Isso conduz a um empobrecimento técnico:
“A fragmentação da arte limite o artista forçosamente ao exercício formal. O caso da
pintura moderna parece mostrar o fenômeno bastante claramente. E mesmo o caso de
certos poetas. O caso daqueles que se dedicaram, com intenções seríssimas, à exploração
de certas qualidades de ressonância, ou mesmo semânticas, de palavras isoladas, isto é,
de palavras que não devem servir, que não devem transmitir ideias – me parece bastante
significativo. Esses mágicos, esses metafísicos da palavra acabaram todos entregues a
uma poesia puramente decorativa. Se se caminha um pouco mais na direção apontada por
Mallarmé, encontra-se o puro jogo de palavras” (p. 63-64)

No outro grupo de poetas “já o trabalho artístico não se limita ao retoque, de bom gosto
e de boa economia, ao material que o instinto fornece. O trabalho artístico é, aqui, a
origem do próprio poema. Não é o olho crítico posterior à obra. O poema é escrito pelo
olho crítico, por um crítico que elabora as experiências que antes vivera, como poeta.
Nestes poetas, geralmente, não é o poema que se impõe. Eles se impõem ao poema, e o
fazem geralmente a partir de um tema, escolhido por sua vez, a partir de um motivo
racional. A escrita neles não é jamais pletórica e jamais se dispara em discurso. É uma
escrita lacônica, a deles, lenta, avançando no terreno milímetro a milímetro. Estes poetas
jamais encaram o trabalho de criação como um mal irremediável, a ser reduzido ao
mínimo, a fim de que a experiência a ser aprisionada não fuja ou se evapore. O artista
intelectual sabe que o trabalho é a fonte da criação e que a uma maior quantidade
de trabalho corresponderá uma maior densidade de riquezas. Quanto à experiência,
ela não se traduz neles, imediatamente em poema. Não há por isso o perigo de que fuja.
Eles não são jamais os possessos de uma experiência. Jamais criam debaixo da
experiência imediata. Eles a reservam, junto com sua experiência geral da realidade,
para um momento qualquer em que talvez tenham de empregá-la. Não será de estranhar
que muitas vezes esqueçam essa experiência, como tal, e que ela, ao ressuscitar, venha
vestida de outra expressão, diversa completamente. (p.65)
“Também o trabalho nesses poetas jamais é ocasional ou repousa sobre a riqueza de
momentos melhores. Seu trabalho é a soma de todos os seus momentos, melhores e piores.

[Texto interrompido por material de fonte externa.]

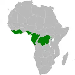 Pode ser encontrada nos seguintes países: Angola, Camarões, República Centro-Africana, República do Congo, República Democrática do Congo, Costa do Marfim, Guiné Equatorial, Gabão, Gana, Guiné, Libéria, Nigéria, Serra Leoa, Tanzânia e Uganda.[1]
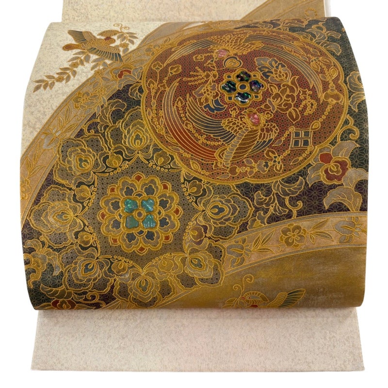【着物ランク】名品 【素材】正絹 【帯丈】約428cm 【帯幅】約31.5cm 【帯仕立て】仕立て上がり 【状態ランク】ランクA 【帯着用シーン】フォーマル(留袖・振袖・訪問着)

Por isso, seu poema é raramente um corte num objeto ou um aspecto particular de um
objeto visto pela luz especial de um momento. Durante seu trabalho, o poeta vira seu
objeto nos dedos, iluminando-o por todos os lados. E é ainda seu trabalho que lhe vai
permitir desligar-se do objeto criado. Este será um organismo acabado, capaz de vida
própria. É um filho, com vida independente, e não um membro que se amputa, incompleto
e incapaz de viver por si mesmo” (p. 65-66).
“Ora, apesar de ser primordialmente artista, este poeta é, antes de tudo, de seu tempo. Ele
é tão individualista quanto aqueles outros poetas que aceitam cegamente o ditado de seu
anjo ou de seu inconsciente. Da mesma forma que aqueles, este poeta-artista ao criar seu
poema cria seu gênero poético. Só que nele esse gênero não é definido pela originalidade
do homem mas pela originalidade do artista. Não é o tipo novo de morbidez que o
caracteriza mas o tipo novo de dicção que ele é capaz de criar. E é aqui que começa o
desesperado de sua situação. Porque essas leis que ele cria para o seu poema não tomam
a forma de um catecismo para uso privado, um conjunto de normas precisas que ele se
compromete a obedecer. Ao escrever, ele não tem nenhum ponto material de referência.
Tem apenas sua consciência, a consciência das dicções de outros poetas que ele quer
evitar, a consciência aguda do que nele é eco e que é preciso eliminar, a qualquer preço.
Com a ajuda que lhe poderia vir da regra preestabelecida ele não pode contar – ele não a
tem. Seu trabalho é assim uma violência dolorosa contra si mesmo, em que ele se corta
mais do que se acrescenta, em nome ele não sabe muito bem de quê.” (p. 66).
“A obra perde em importância. Passa a ser pretexto do trabalho. Todos os meios são
utilizados para que este se faça mais demorado e difícil, todas as barreiras formais o artista
procura se impor, a fim de ter mais e mais resistências a vencer. Este seria o estágio final
do caminho que a arte vem percorrendo até o suicídio da intimidade absoluta. Seria a
morte da comunicação, e nela esse tipo de poesia iria se encontrar com a outra
incomunicação, a do balbucio, que, por outros caminhos, estão também buscando os
poetas do inefável e da escrita automática” (p. 67).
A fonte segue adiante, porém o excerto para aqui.